Available records
↓↓↓

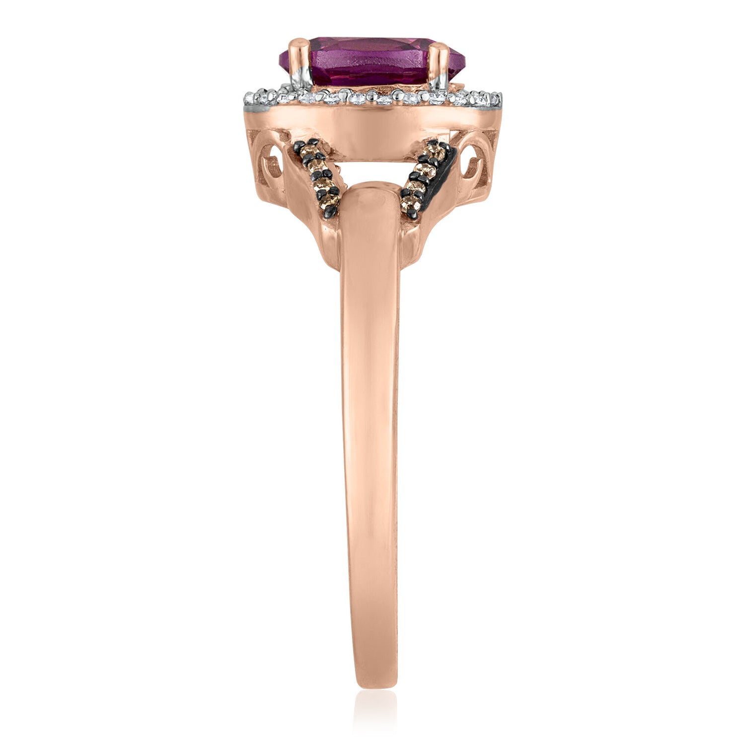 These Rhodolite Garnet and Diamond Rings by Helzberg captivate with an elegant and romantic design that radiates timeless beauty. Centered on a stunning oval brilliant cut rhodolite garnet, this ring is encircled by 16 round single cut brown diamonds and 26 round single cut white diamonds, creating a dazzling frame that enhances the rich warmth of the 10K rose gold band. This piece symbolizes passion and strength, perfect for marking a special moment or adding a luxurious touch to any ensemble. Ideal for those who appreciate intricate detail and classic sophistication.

↑↑↑
↓↓↓

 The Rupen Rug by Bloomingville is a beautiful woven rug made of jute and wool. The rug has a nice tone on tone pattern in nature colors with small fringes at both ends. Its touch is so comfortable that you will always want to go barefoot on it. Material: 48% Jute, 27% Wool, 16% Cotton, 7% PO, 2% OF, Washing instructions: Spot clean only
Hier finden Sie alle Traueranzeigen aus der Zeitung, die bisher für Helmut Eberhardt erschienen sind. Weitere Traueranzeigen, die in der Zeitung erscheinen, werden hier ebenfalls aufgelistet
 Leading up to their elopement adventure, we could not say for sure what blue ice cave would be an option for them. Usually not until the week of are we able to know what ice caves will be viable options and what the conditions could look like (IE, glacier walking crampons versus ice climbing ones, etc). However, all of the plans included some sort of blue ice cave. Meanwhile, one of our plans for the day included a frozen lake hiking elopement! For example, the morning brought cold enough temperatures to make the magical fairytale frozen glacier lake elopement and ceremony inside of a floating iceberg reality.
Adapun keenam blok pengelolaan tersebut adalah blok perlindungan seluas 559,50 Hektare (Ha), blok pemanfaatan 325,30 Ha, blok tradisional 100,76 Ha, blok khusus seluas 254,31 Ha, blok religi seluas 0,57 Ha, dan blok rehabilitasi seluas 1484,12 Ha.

↑↑↑
↓↓↓

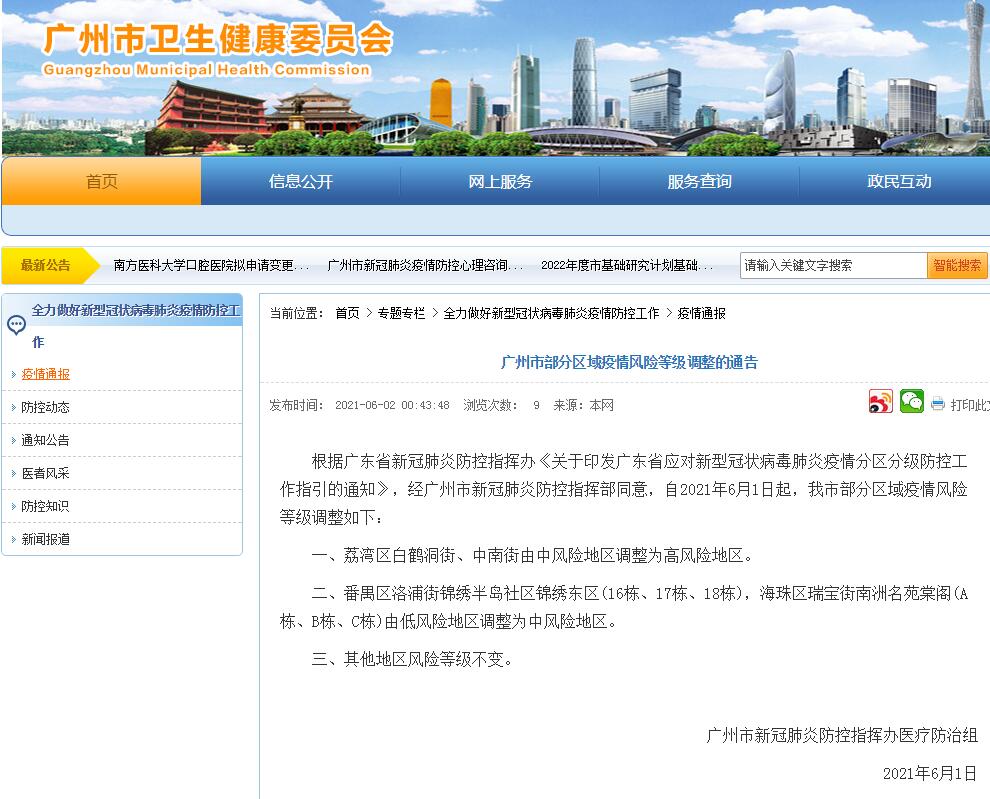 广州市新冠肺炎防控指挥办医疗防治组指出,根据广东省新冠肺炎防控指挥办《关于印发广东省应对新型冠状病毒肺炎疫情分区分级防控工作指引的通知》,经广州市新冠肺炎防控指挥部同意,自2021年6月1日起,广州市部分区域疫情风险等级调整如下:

↑↑↑

From the line containing "Hier finden Sie" down to the line containing "Leading up to" in the material above, reproduce every line exactly, including the two end lines.

Hier finden Sie alle Traueranzeigen aus der Zeitung, die bisher für Helmut Eberhardt erschienen sind. Weitere Traueranzeigen, die in der Zeitung erscheinen, werden hier ebenfalls aufgelistet
 Leading up to their elopement adventure, we could not say for sure what blue ice cave would be an option for them. Usually not until the week of are we able to know what ice caves will be viable options and what the conditions could look like (IE, glacier walking crampons versus ice climbing ones, etc). However, all of the plans included some sort of blue ice cave. Meanwhile, one of our plans for the day included a frozen lake hiking elopement! For example, the morning brought cold enough temperatures to make the magical fairytale frozen glacier lake elopement and ceremony inside of a floating iceberg reality.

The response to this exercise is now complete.